# Midi to keyboard shortcuts? - Solved



## 3DC (Dec 5, 2021)

I am drowning in keyboard shortcuts from 2D, 3D, video editing all the way to DAW software so any idea or suggestion how to manage them for different apps on windows 11 is more then welcome. 

Anyone using midi controller to map keyboard shortcuts?


----------



## Paulogic (Dec 6, 2021)

Stream Deck, maybe also good for you?

I like it and not only me, several members here are happy users.


----------



## Paulogic (Dec 6, 2021)

Yep it is and I also use it for other programs/apps too. Like graphics editing, office stuff...


----------



## milford59 (Dec 9, 2021)

Streamdeck is the dog’s bollox.

Translation for those unfamiliar with the terminology: “Dog’s bollox” = very impressive, very useful, unsurpassed….” Occasionally abbreviated to simply… “the bollox”…..


----------



## BlackCoyote (Dec 10, 2021)

I've developed https://coyotemidi.com specifically for this purpose. I wanted to recreate the streamdeck functionality with the many unused controls on all my midi controllers so that I didn't have to buy some new expensive piece of hardware.

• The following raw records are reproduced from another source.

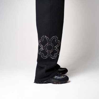 • Details: embroidered logo under the right pocket, tapered finishes at the ends, signature clover sewn at the bottom of the leg.
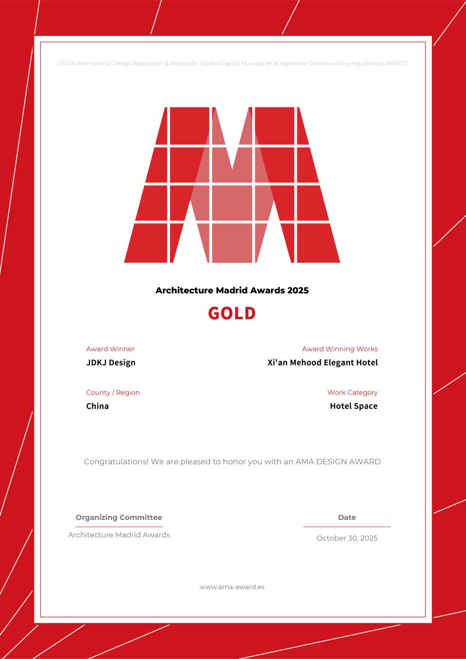 ▲西安·永宁门雅致酒店荣获2025西班牙AMA国际建筑设计金奖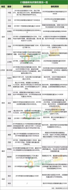 23國(guó)最新光伏裝機(jī)情況一覽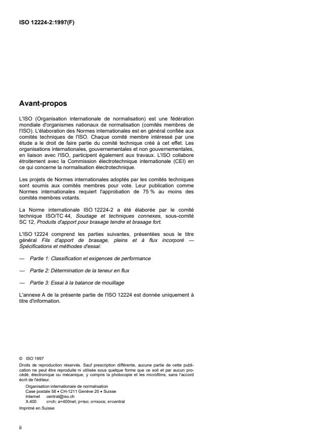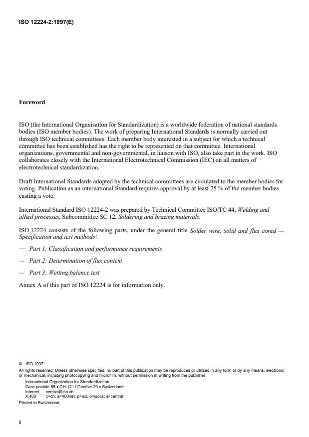 ISO 12224-2:1997 is a standard published by the International Organization for Standardization (ISO). Its full title is "Flux cored solder wire — Specification and test methods — Part 2: Determination of flux content". This standard covers: Flux cored solder wire — Specification and test methods — Part 2: Determination of flux content

We're still in beta so some bugs and awkward designs are to be expected, but I believe it is already pretty solid. I hope you might give it a try!


----------



## jcrosby (Dec 11, 2021)

If you happen to have an ipad lying around metagrid can control any application. There are no limits to the number of buttons, shortcuts, etc you can make. And it detects whatever program you have open on your machine and switches to that program's 'grid' automatically. It's basically like a streamdeck on a lethal does of steroids. Version 2 should be dropping this month which will add MIDI sliders, custom icons, and a UI that's a lot easier on the eyes.

Pricy, and/or useless if you don't have an ipad. If you do though the app is only $30 and is the best thing since the dog put his bollox on a loaf of sliced bread.


----------



## Jrides (Dec 26, 2021)

jcrosby said:


> If you happen to have an ipad lying around metagrid can control any application. There are no limits to the number of buttons, shortcuts, etc you can make. And it detects whatever program you have open on your machine and switches to that program's 'grid' automatically. It's basically like a streamdeck on a lethal does of steroids. Version 2 should be dropping this month which will add MIDI sliders, custom icons, and a UI that's a lot easier on the eyes.
> 
> Pricy, and/or useless if you don't have an ipad. If you do though the app is only $30 and is the best thing since the dog put his bollox on a loaf of sliced bread.


Does this app work with voiceover.. screen reader on the iPad? Basically when you touch a controller or button it should read the name of the item you pressed. Quite a few apps work with it, but some music related ones do not.


----------



## jcrosby (Dec 26, 2021)

Jrides said:


> Does this app work with voiceover.. screen reader on the iPad? Basically when you touch a controller or button it should read the name of the item you pressed. Quite a few apps work with it, but some music related ones do not.


No idea. I literally never use any of the ios voice stuff including SIRI. Maybe post on the forum and see if anyone else knows?


----------



## pinki (Jun 18, 2022)

BlackCoyote said:


> I've developed https://coyotemidi.com specifically for this purpose. I wanted to recreate the streamdeck functionality with the many unused controls on all my midi controllers so that I didn't have to buy some new expensive piece of hardware.
> 
> We're still in beta so some bugs and awkward designs are to be expected, but I believe it is already pretty solid. I hope you might give it a try!


Any chance on Mac?


----------



## BlackCoyote (Jun 18, 2022)

pinki said:


> Any chance on Mac?


I wouldn't expect it any time soon, however it's definitely something we consider worth investing in once business allows for it!


----------